Molo Talks BTL Loans; Brokers discuss lender empathy on Lenders Live

Francesca Carlesi, co-founder and CEO of Molo, said the digital mortgage lender is now in a “better position” and has “learned our lessons” after temporarily suspending its buy-to-let (BTL) lending earlier this year have “funding questions”.

Lending was suspended in April due to “recent changes in capital markets” from where Molo gets its funding, rather than through customer deposits as is the case with bank lenders.

The changes were due to both “peak inflation” and a rate hike implemented by the Bank of England.

Speaking at the Lenders Live LinkedIn panel hosted by the Knowledge Bank, Carlesi explained: “You don’t expect it, but it happens. Capital markets are probably less patient than other types of financing and unfortunately some of them overreact to market changes.”

“As a result, we negotiated that we would just keep financing mortgages because we didn’t have to offer our customers for no reason and we had no choice but to reevaluate some of the outstanding offers.”

“We did this because we wanted to be able to fulfill any and all offers to our customers and I am proud to say that despite the severe problems that our financiers created for Molo, we are still in were able to fulfill all outstanding offers Inevitably, given the sudden change, we had to undertake a significant re-evaluation. We didn’t reassess the entire pipeline, we only reassessed the pipeline for three weeks so probably 30 or 40 clients in total and now we have put in place a new line of funding which has allowed us to complete the completions on normal terms and also to resume giving us access to a more stable and reasonable source of funding than before.”

Carlesi said: “Right now the storm is over but it was quite an intense moment. In a way, we had no other choice. The good news now is that we have set things up even more securely than before.”

From an agent’s perspective, she noted that the situation was “not great,” but explained that Molo “has been trying to communicate with everyone, like e.g. e.g. clients and brokers, and explain the reasons for this”.

“In a way, we had no other choice. The good news now is that we have set things up even more securely than before.”
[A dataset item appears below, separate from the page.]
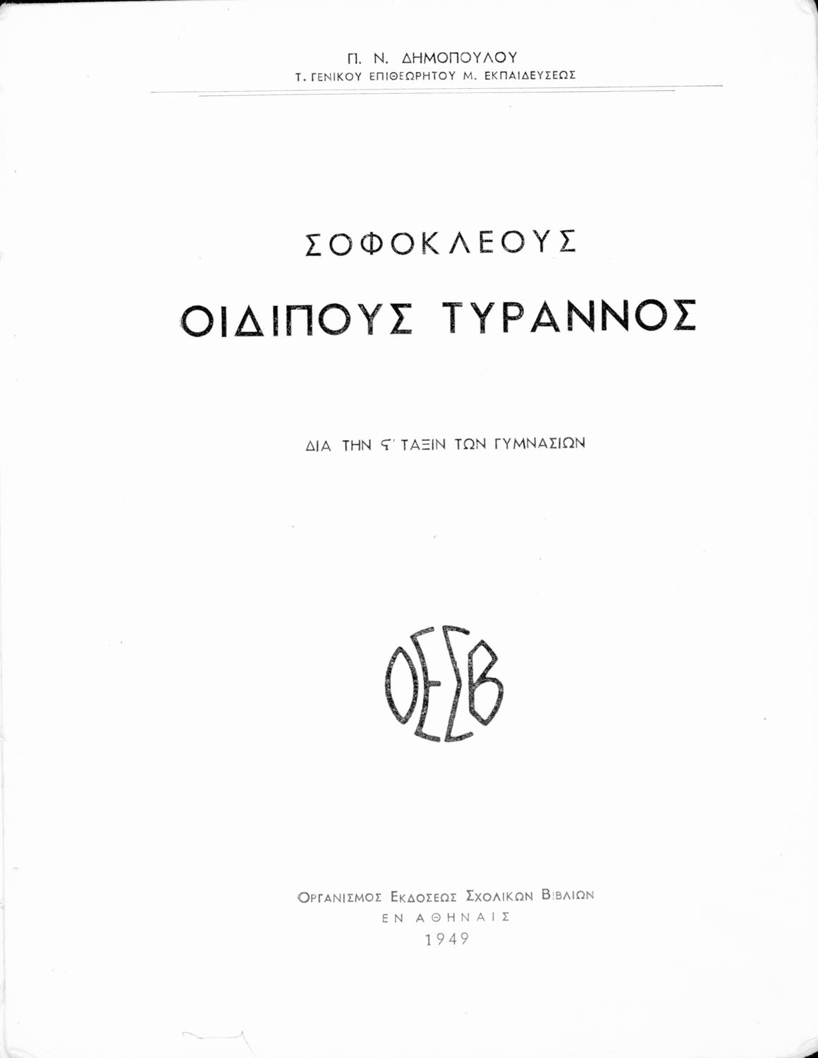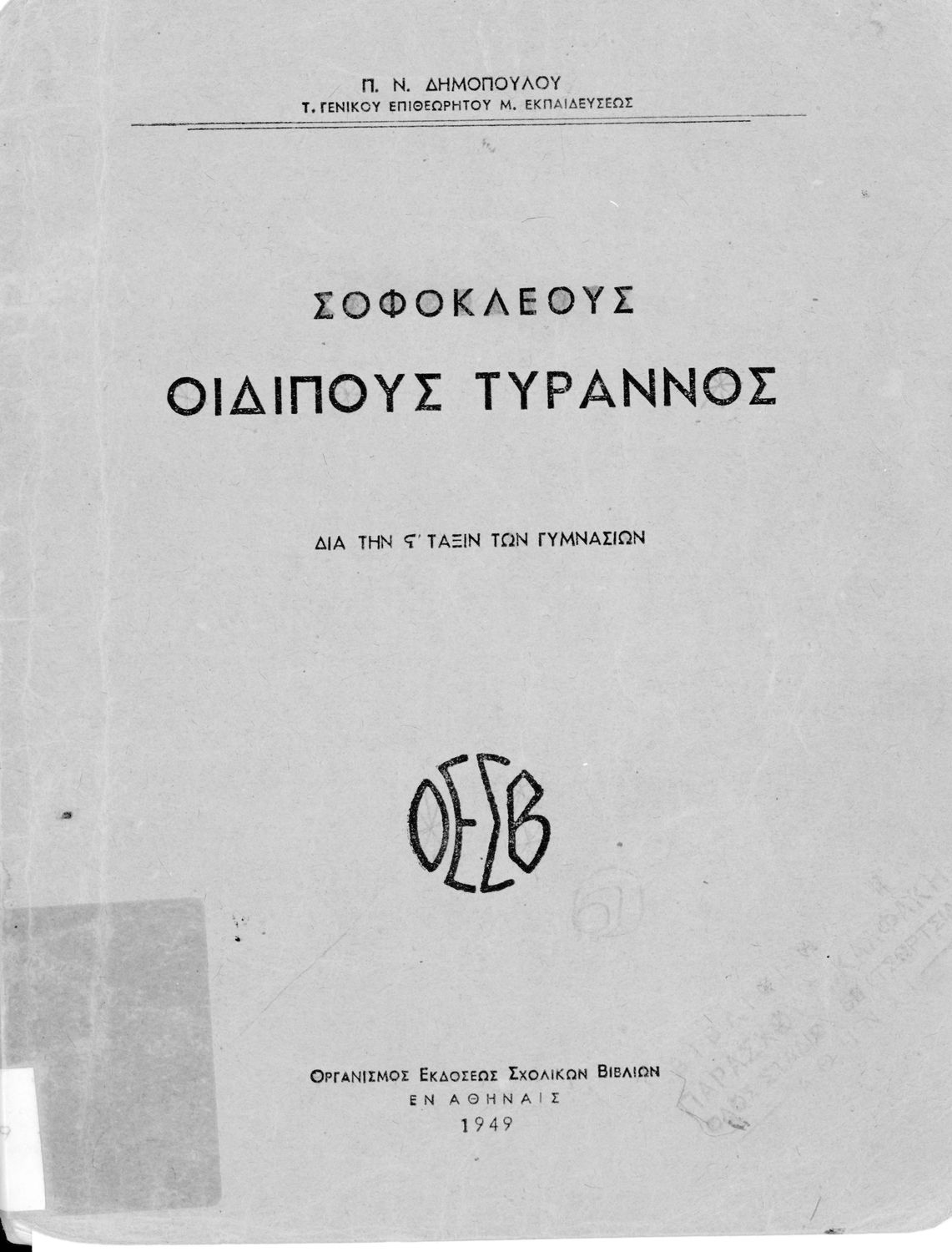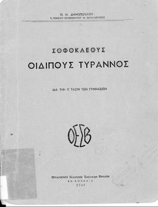 Κωδικός αναγνώρισης: 01-17329 Τίτλος: Σοφοκλέους Οιδίπους Τύραννος. Δια την ΣΤ΄ Τάξιν των Γυμνασίων Συγγραφέας: Σοφοκλής, Π.Ν Δημόπουλος (σχόλια) Μέγεθος και υπόστρωμα: Σχολικό εγχειρίδιο, μαλακό εξώφυλλο, 128 σελίδες. |

Ying Tan, Non-Executive Director and Moderator of Knowledge Bank, stated, “Communication with brokers is essential when things like this suddenly happen. There are many factors that are beyond the control of lenders and certainly brokers, but it is really important that communication and transparency are key to minimizing this shock.”

Meanwhile, Craig McKinlay, new managing director of Kensington Mortgages said: “The market is tough and there are no clear, easy answers. Essentially, it’s all about choosing your poison and deciding the pros and cons. You have to find a way to deal with it as best you can.”
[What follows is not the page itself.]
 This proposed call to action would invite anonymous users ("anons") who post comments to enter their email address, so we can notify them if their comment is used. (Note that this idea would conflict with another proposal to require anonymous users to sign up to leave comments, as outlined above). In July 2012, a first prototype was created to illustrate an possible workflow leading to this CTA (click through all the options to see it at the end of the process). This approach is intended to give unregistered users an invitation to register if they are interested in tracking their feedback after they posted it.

Marketing gimmicks or lender empathy?

Earlier this month, due to the high volume of mortgage applications, Santander granted a temporary one-month extension to the mortgage offer for the remortgage and purchase.
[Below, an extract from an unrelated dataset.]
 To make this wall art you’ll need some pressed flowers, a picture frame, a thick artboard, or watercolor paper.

The Lenders Live panel discussed whether they thought this type of offering was a “marketing gimmick” to build goodwill, or whether the lender is showing genuine empathy towards customers and brokers during this challenging time.

Coreco CEO Andrew Montlake described it as “a great move” that he finds “really interesting.”

“I’d like to see old lenders really understand that the process is now being extended. You used to be able to go from application to completion in three months, but now that has shifted to four, five, or even seven months. The whole process gets longer as lenders get swamped.”

“As brokers we fully understand and understand that we should not abuse lenders, we should celebrate lenders who give us the 48 hours or do things like Santander did. I don’t think it’s a gimmick, I think it’s a real understanding of what’s happening in the market and it’s appreciated.”

“It also shows that lenders value brokers and understand what is at stake. Yes it gives them a little bit more time to process stuff, but that’s a reasonable thing, it’s very welcome and I’d like to see other lenders follow suit.”

Steve Griffiths, Mortgage Lender’s sales and product director, suggested that “there is no bad side to what Santander has done”.

“I think a great, great initiative, it might be a bit more complicated for smaller and more specialized lenders to replicate. However, we’re looking at technology and processes and what can we do to ensure that this customer journey is as smooth as possible, whether it’s an initial offer, an offer extension or whatever,” adds Griffiths.